= IFilter =

Plugin for Microsoft's search engines

An IFilter is a plugin that allows Microsoft's search engines to index various file formats (as documents, email attachments, database records, audio metadata etc.) so that they become searchable. Without an appropriate IFilter, contents of a file cannot be parsed and indexed by the search engine.

They can be obtained as standalone packages or bundled with certain software such as Adobe Reader, LibreOffice, Microsoft Office and OpenOffice.

It also refers to the software interface needed to implement such plugins.

== How it works ==

An IFilter acts as a plug-in for extracting full-text and metadata for search engines. A search engine usually works in two steps:

1. The search engine goes through a designated place, e.g. a file folder or a database, and indexes all documents or newly modified documents, including the various types documents, in the background and creates internal data to store indexing result.
2. A user specifies some keywords they would like to search for, and the search engine answers the query immediately by looking up the indexing result and responding to the user with all the documents that contains the keywords.
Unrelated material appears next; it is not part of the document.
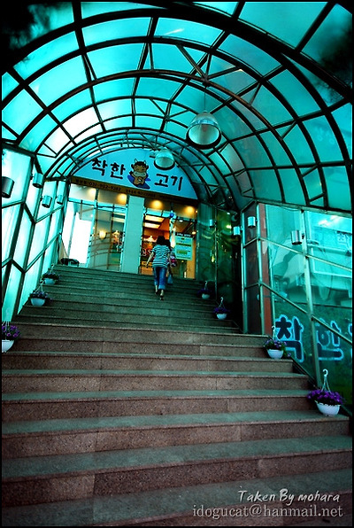 일산 풍동의 애니골 초입에 위치한 이 집은 풍동으로 들어서 경의선 기찻길을 지나 왼쪽 편의 레드크랩 골목으로 들어서면 착한고기 건물이 나옵니다. 곧 바로 2층으로 향한 계단을 오르면 내부로 들어섭니다.
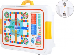 • Dvostranska plošča: izbokline za kocke / gladka stran za pisanje in igre

During Step 1, the search engine itself doesn't understand format of a document. Therefore, it looks on Windows registry for an appropriate IFilter to extract the data from the document format, filtering out embedded formatting and any other non-textual data.

== Search engines ==

Windows Indexing Service and the newer Windows Search, Windows Desktop Search, MSN Desktop Search, Internet Information Server, SharePoint Portal Server, Windows SharePoint Services (WSS), Site Server, Exchange Server, SQL Server and all other products based on Microsoft Search technology support indexing technology. Also, IFilters are used by SQL Server as a component of the SQL Server Full Text Search service.